Разведчики знали, считай, всю подноготную о жизни каждого из отрывочных рассказов  в часы отдыха на передовой, и сочувствовали бездетному Семёну, который не скрывал своего желания иметь сына или дочку. Пять лет с Галей живут душа в душу, а вот Бог дитя не даёт. Впрочем, признаться, оба не стремились, успеем. Теперь же, понюхав настоящего пороха,  находясь под прицелом войны, мужик стал клясть себя за это легкомыслие, мол, случись с ним беда, а  наследника не оставил. Как-то не по-христиански. У всех его напарников есть дети. У командира двое. Сын и дочь. Этакая классика. Ему бы не на войне быть, а воспитывать потомство. И воспитывал, но вот потребовалось пойти сюда, и пошёл. Обязывал, как и Семёна, не только контракт, но и долг воина.

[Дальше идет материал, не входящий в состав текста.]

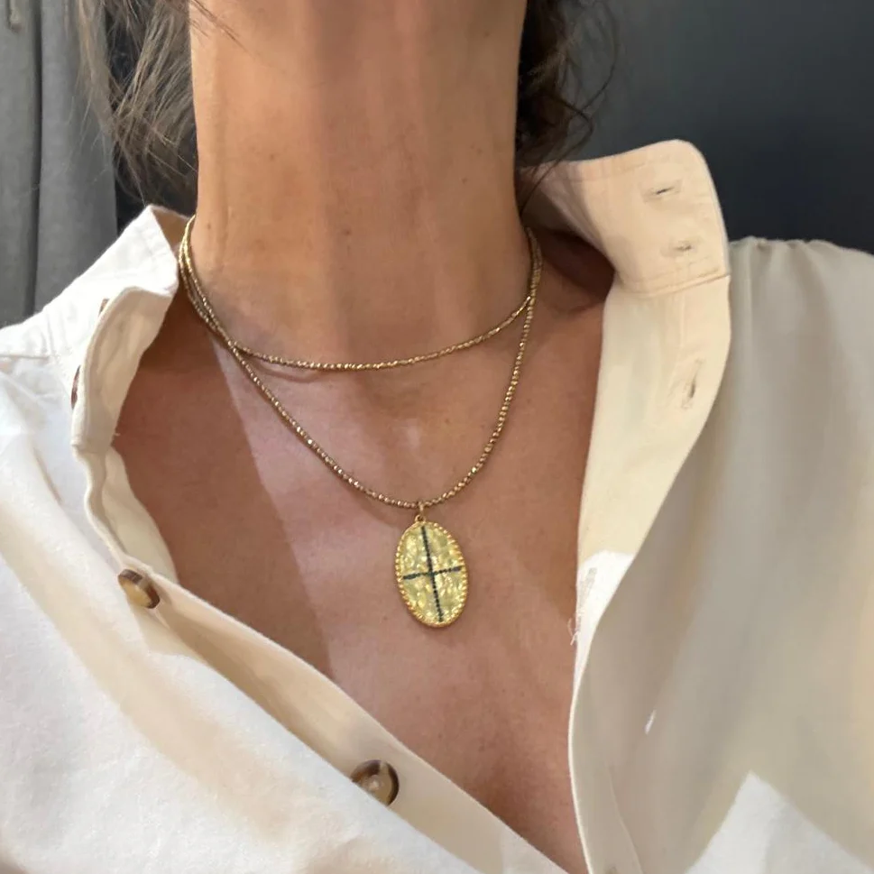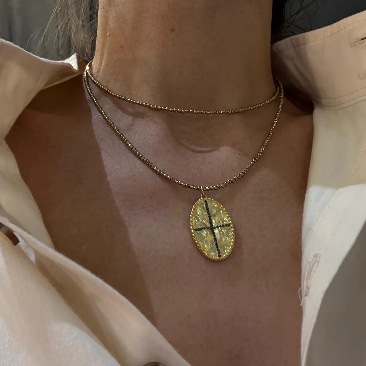 Sautoir réalisé avec des hématites et un pendentif en plaqué or 3 microns incrusté de pierres semi-précieuses. Il mesure environ 70cm, on le porte en sautoir ou en collier double tour.

По колку, гораздо левее  снова ударили тяжёлые взрывы. Качнулись деревья. И вместе с ним женский общий ах! Надрывный плач оборвался, словно люди остановились на краю пропасти и замерли, боясь свалиться. Семён закостеневшими глазами смотрел на Анечку, на перебитую ножку,  ждал, когда она очнётся. Эта кроха может остаться без ноги. Девушка  с протезом. Куда ни шло парень, а девушка, а потом взрослая женщина с протезом! Это никуда не годится. Надо спасать ножку.
 Он вспомнил маленькую собачку с перебитой передней правой лапкой.  Отец подобрал малышку и выходил. Назвал Найдой. Она подросла и стала резво бегать, волоча ножку. На трёх лапках. Такая забавная и симпатичная с ласковым собачьим взглядом. Он всегда покорял Семёна, и при встрече  парень стал давать карамельку. Найда осторожно брала конфетку, садилась на задние лапки, не сразу проглатывала сладость, а разгрызала. Семёну это нравилось, он гладил её по головке, приговаривал:  «Какая умница!»
У Анечки две ножки, одной может лишиться. Этого допустить нельзя. Семён рассказывал ребятам историю с Найдой. Они сочувствовали собачке,  хвалили отца. Семён умоляюще смотрел на командира.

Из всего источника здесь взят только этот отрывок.